→ Provided material:
· · · · · · ·

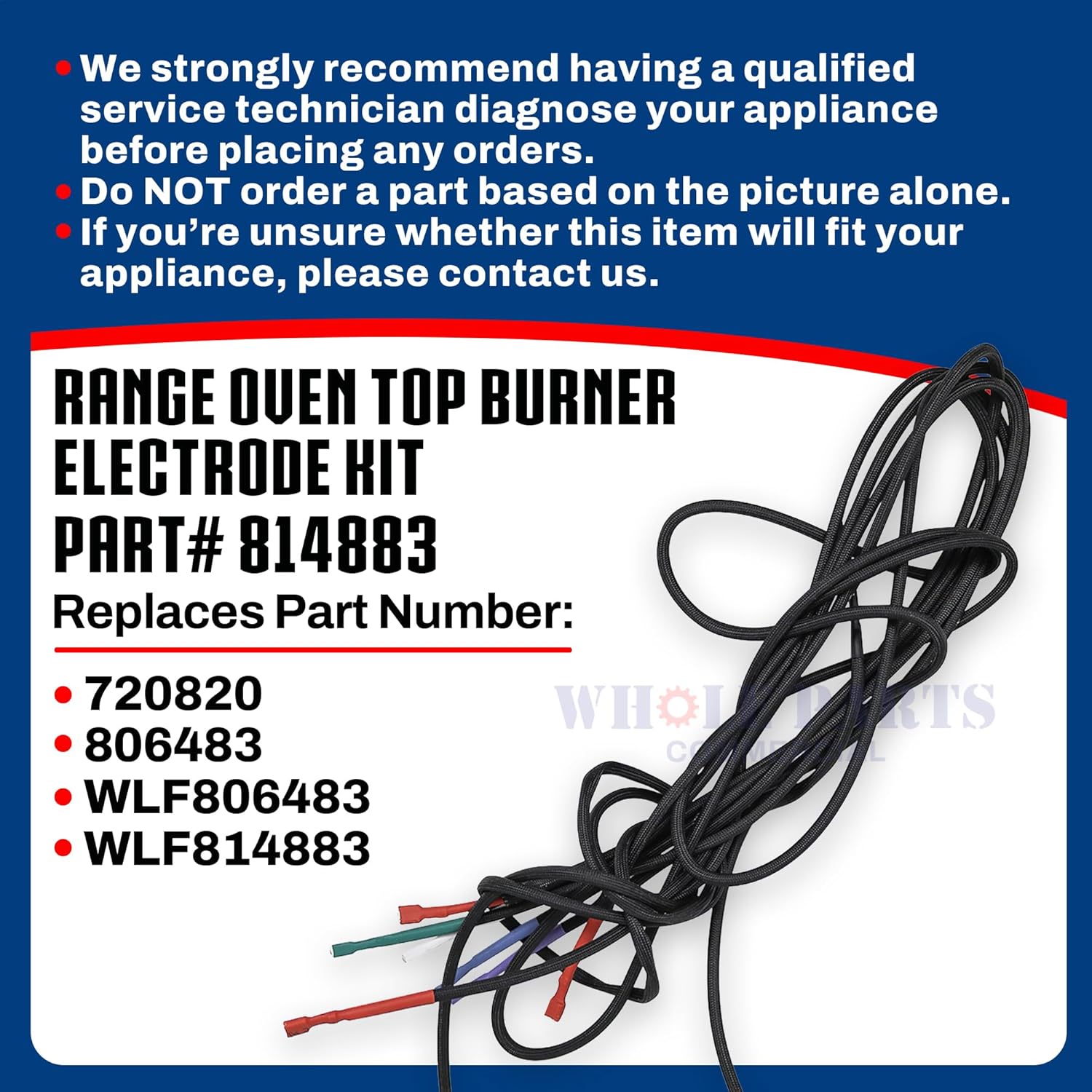 Whole Parts Range Oven Top Burner Electrode Kit (Including Electrode Ignitor and 5 Wires) Part# 814883. This Part Replaces 806483, 720820, WLF814883, WLF806483.
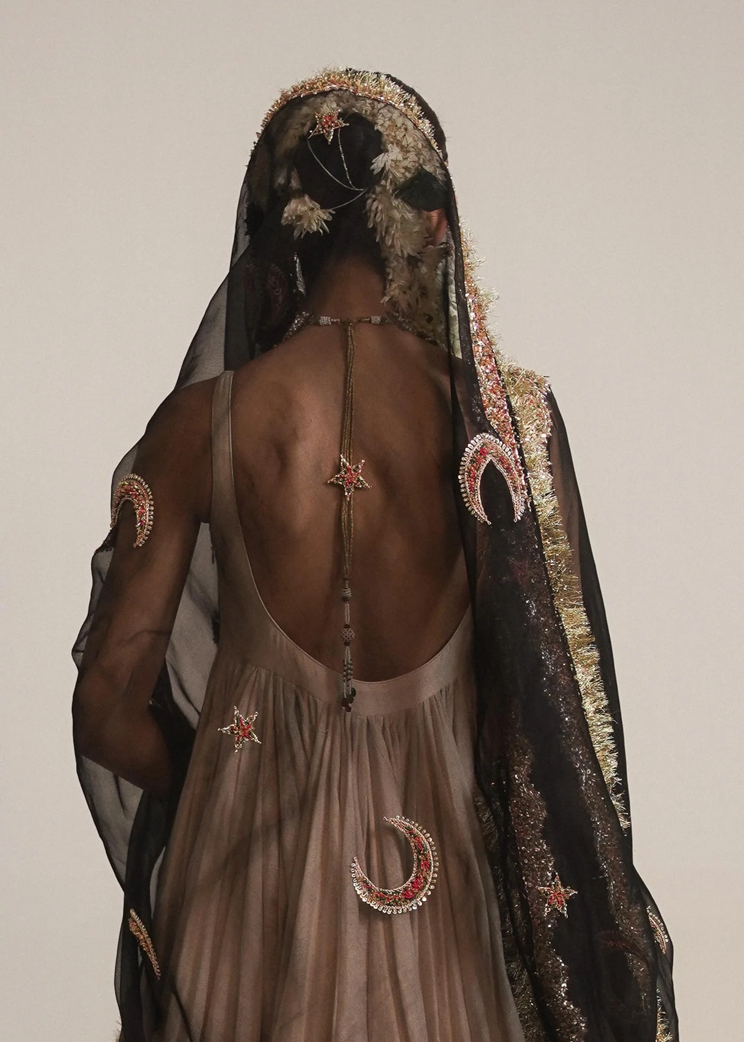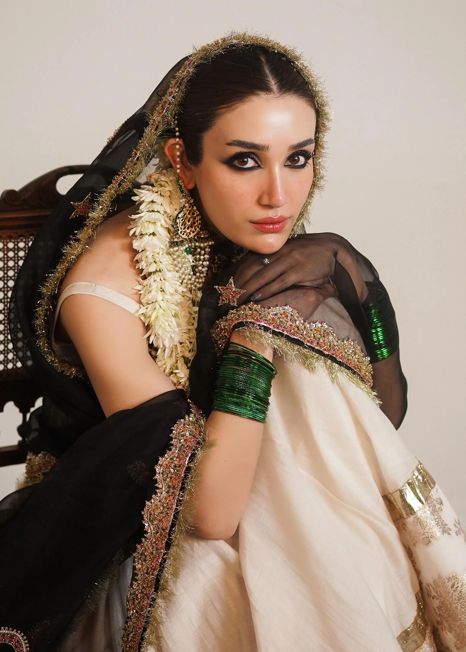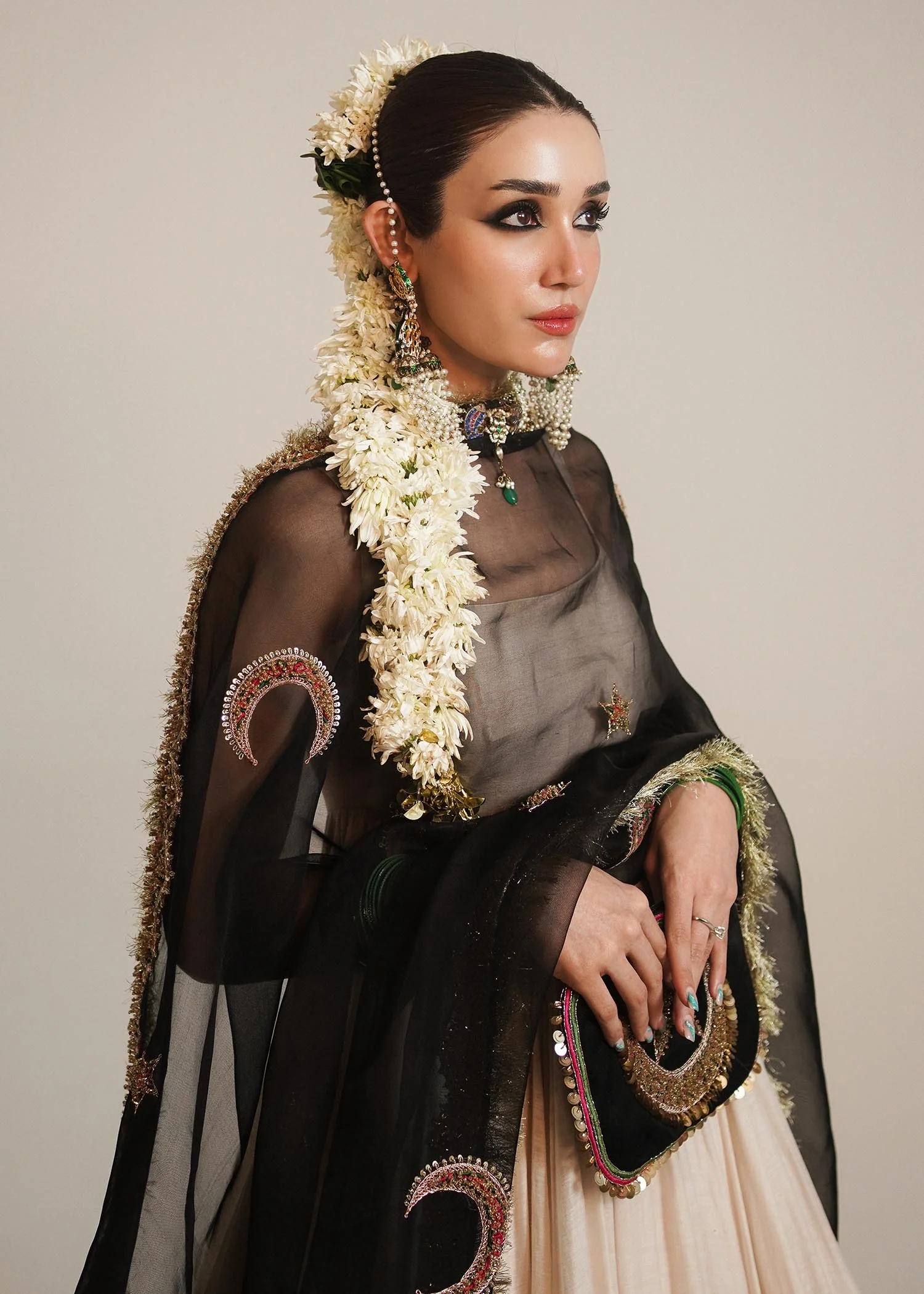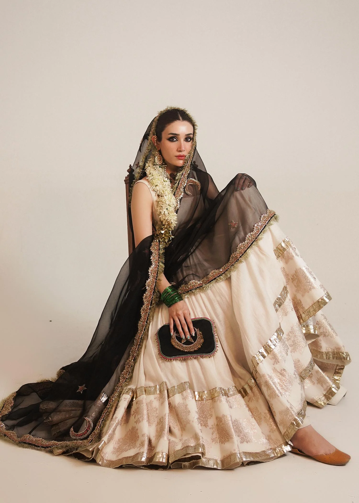 A graceful opulent chanderi silk white floor length peshwaz with pretty organza border enhanced with lappa on both sides of hem. It is paired with plain chanderi silk chooridar. Creating an alluring aura is 4 yards black organza dupatta with thin elegant border and motifs of star and moon in multi-colored and gold naqshi, cutdana and bead adda work to enhance this attire. Light gold Kiran on all borders create a nostalgic memory of the festivity.
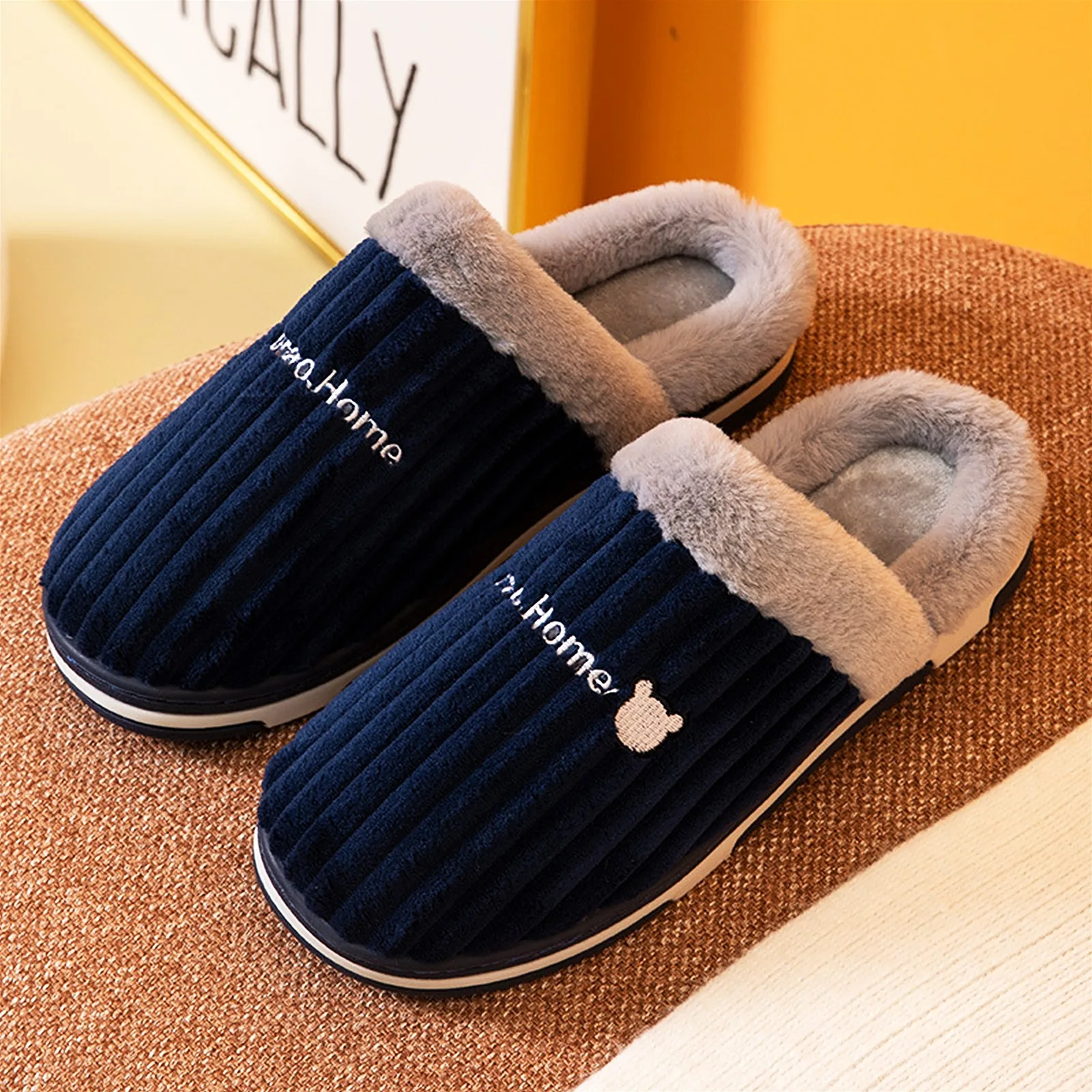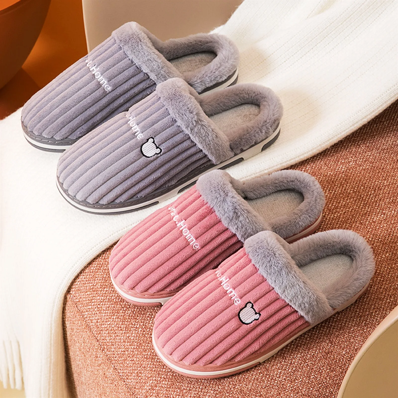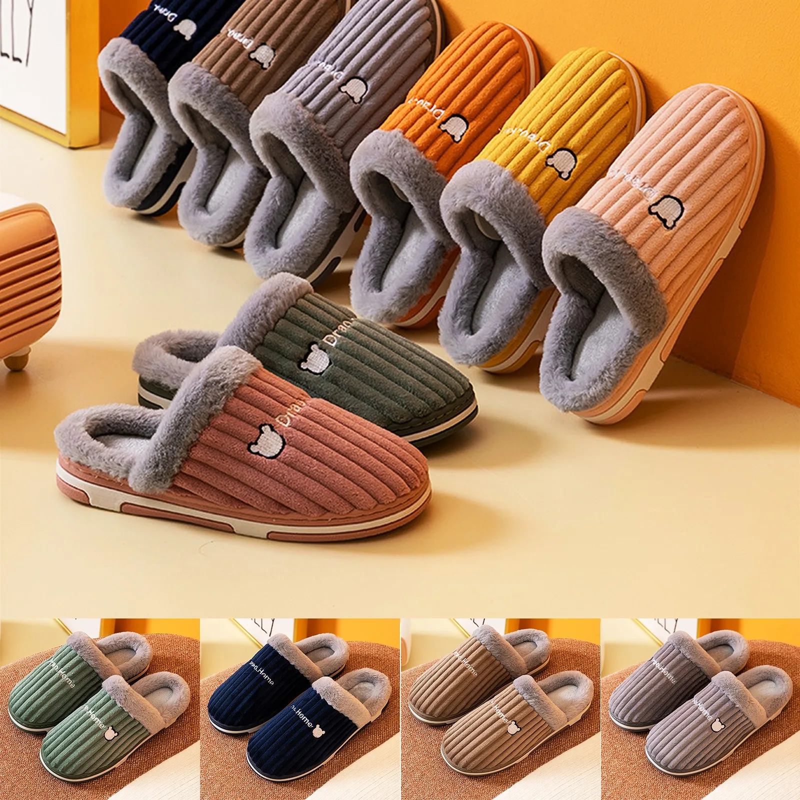 Характеристики: вельветовые домашние тапочки с кроличьим мехом для мужчин и женщин; Сезон осень-зима; Теплые хлопковые тапочки

· · · · · · ·

→ Task prompt:
Everything in the data except the pictures needs to be written out exactly.

→ Solution to this exercise:
 Whole Parts Range Oven Top Burner Electrode Kit (Including Electrode Ignitor and 5 Wires) Part# 814883. This Part Replaces 806483, 720820, WLF814883, WLF806483.
 A graceful opulent chanderi silk white floor length peshwaz with pretty organza border enhanced with lappa on both sides of hem. It is paired with plain chanderi silk chooridar. Creating an alluring aura is 4 yards black organza dupatta with thin elegant border and motifs of star and moon in multi-colored and gold naqshi, cutdana and bead adda work to enhance this attire. Light gold Kiran on all borders create a nostalgic memory of the festivity.
 Характеристики: вельветовые домашние тапочки с кроличьим мехом для мужчин и женщин; Сезон осень-зима; Теплые хлопковые тапочки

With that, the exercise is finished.